Sugar Love: A Not So Sweet Tale
The August issue of National Geographic Magazine has a fascinating article titled, Sugar Love: A Not So Sweet Tale. It's a fascinating article.
In the beginning, on the island of New Guinea, where sugarcane was domesticated some 10,000 years ago, people picked cane and ate it raw, chewing a stem until the taste hit their tongue like a starburst. A kind of elixir, a cure for every ailment, an answer for every mood, sugar featured prominently in ancient New Guinean myths. In one the first man makes love to a stalk of cane, yielding the human race. At religious ceremonies priests sipped sugar water from coconut shells, a beverage since replaced in sacred ceremonies with cans of Coke.Our love of sugar is traced back through the centuries, chronicling its rise from a "luxury spice" to a "staple, first for the middle class and then for the poor." The need for sugar has fueled colonialism, slavery, and widespread environmental devastation. Yet we always seem to want more.

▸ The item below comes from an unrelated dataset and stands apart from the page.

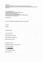 DATENSCHUTZ InformationengemäßArtikel 13 und 14 der Datenschutz-Grundverordnungund § 55 des Bundesdatenschutzgesetzessind in der Datenschutzerklärungaufder Internetseite des BundesamtsfürJustiz veröffentlicht. --Ursprüngliche Nachricht-- Von: schaefer-al@bmj.bund.de <schaefer-al@bmj.bund.de> Gesendet: Dienstag, 21. März 2023 17:13 An: Wessely Kirstin<Kirstin.Wessely@BfJ.Bund.de> Cc: Barsche Bernhard <Bernhard. Borsche@BfJ. Bund. de>; IIIB7@bmj. bund. de Betreff: WG: Ihre E-Mail vom 16. März2023 Liebe Frau Wessely, ich bitte Sie um Stellungnahmezum beigefügtenVorgangbis zum 14. April 2023. Viele Grüße l m Auftrag Dr. AlexanderSchäfer Leiter des Referates III B 7 Bundesministerium der Justiz (BMJ) Telekommunikations- und Medienrecht; DigitalerGewaltschutz;E-Privacy Postanschrift: 11015 Berlin Dienstgebäude:LeipzigerStr. 127-128, 10117 Berlin Telefon: +49 30 18 580 9327 . Mobil: E-Mail:schaefer-al@bmj.bund.de Internet: www.bmj. de

The more you tasted, the more you wanted. In 1700 the average Englishman consumed 4 pounds a year. In 1800 the common man ate 18 pounds of sugar. In 1870 that same sweet-toothed bloke was eating 47 pounds annually. Was he satisfied? Of course not! By 1900 he was up to 100 pounds a year. In that span of 30 years, world production of cane and beet sugar exploded from 2.8 million tons a year to 13 million plus. Today the average American consumes 77 pounds of added sugar annually, or more than 22 teaspoons of added sugar a day.The impact of sugar on modern western society is debated, with some expressing concern about "empty calories" and others taking it further.
Americans . . . eat too much and exercise too little because they’re addicted to sugar, which not only makes them fatter but, after the initial sugar rush, also saps their energy, beaching them on the couch.As can be expected from National Geographic, the photographs are breathtaking. For anyone interested in food, health, and human motivation, this is great read.